I like to throw a loose cannon into anything I write – some character who’s the wild card. Definitely the stepson in this book is the wild card. He really wants attention, he resents the new baby that’s coming, the second family that his father is raising.
Q: Obviously you’re drawn to real-life events as backdrops for your stories. Do you have any interest in writing nonfiction?
A: You know, I’m always open to anything. I’ve done a novel, a novella, short stories, different kinds of scripts. To me, it’s all writing. I write wholeheartedly in whatever format. Nonfiction is almost the only thing that I haven’t done.
Q: You’ve written in so many genres. Does that reflect a restlessness, an adventurousness, or something else?
A: Both of those. I love different kinds of writing. The first writing I did as a kid was scripts. My sister and I acted out a soap opera. We put it on a cassette tape, and we thought we were broadcasting it on walkie talkies.
Q: I’m wondering how these different genres influence each other. For example, has scriptwriting made you better at writing dialogue in novels?
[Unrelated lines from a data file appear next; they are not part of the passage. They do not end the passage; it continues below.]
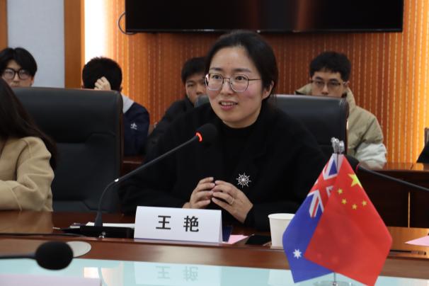 王艳代表学院对各位嘉宾、校友的到来表示诚挚欢迎,表达了对本次座谈会的期望和对国际化人才培养的重视。Nick Bardell、包丹文分别从澳方、中方学校角度介绍了两校在中澳合作办学项目上的教育理念、培养模式、教学特色和育人成果等情况。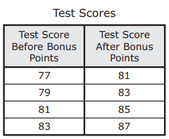 Mr. Morales gives bonus points when a challenge question on a test is answered correctly. The table shows the relationship between test scores before and after Mr. Morales gives the bonus points.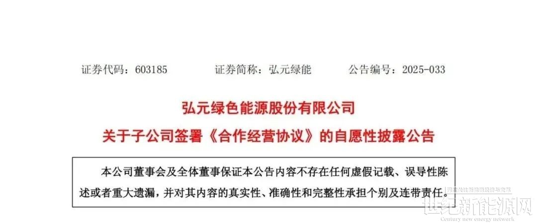7月8日晚间,弘元绿能发布关于子公司签署《合作经营协议》的自愿性披露公告。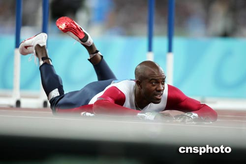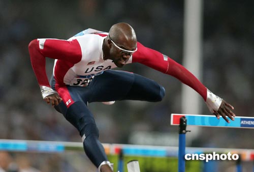 當(dāng)?shù)貢r間八月二十五日晚,在雅典奧運會田徑男子一百一十米跨欄第二輪比賽中,美國名將約翰遜意外踩欄跌倒出局。中新社記者:毛建軍

A: Yes, I think so. My earlier fiction is fairly descriptive and dense. But when I first started writing scripts, I felt like I had weights cut off my hands. You can just go so fast, writing dialogue and action. You learn to think in a more dramatic, visual way.
It’s a whole different mode. With scriptwriting, you have to rewrite on stage. You have to just see it, to see different versions of it. Rehearsals are a thrill. I love it, but it’s grueling. It’s not like with a novel, where you can sit with it for years and have different people read it. You have a lot more control with fiction.
Also with these news stories, you try to look for the right form for the particular story.
Q: At this stage, do you consider yourself primarily a novelist, a librettist, a scriptwriter?
A: Well, I think I’m primarily a fiction writer, but I’m sort of split. In recent years, the scriptwriting has been very consuming because of “Tonya & Nancy,” but I still have the longest loyalty to fiction. I’d love to just keep doing both and to switch off. I like to have lots of irons in the fire.
One of the things that makes writing so fascinating is that you can never get all the way there. In some professions, you can learn all there is to know, and you’re doing it as well as you can. But with writing, there are always better things to aspire to.
Q: And there’s always something that you’re reading that makes you think, “If I could only do that …”
A: Yes, and you get inspired by that. I like things that are kind of edgy. And I feel that it’s part of a writer’s job, in the higher sense of the word, to make trouble – to point to things that people are afraid to talk about.
Joan Silverman writes op-eds, essays and book reviews. Her work has appeared in The Christian Science Monitor, Chicago Tribune and Dallas Morning News.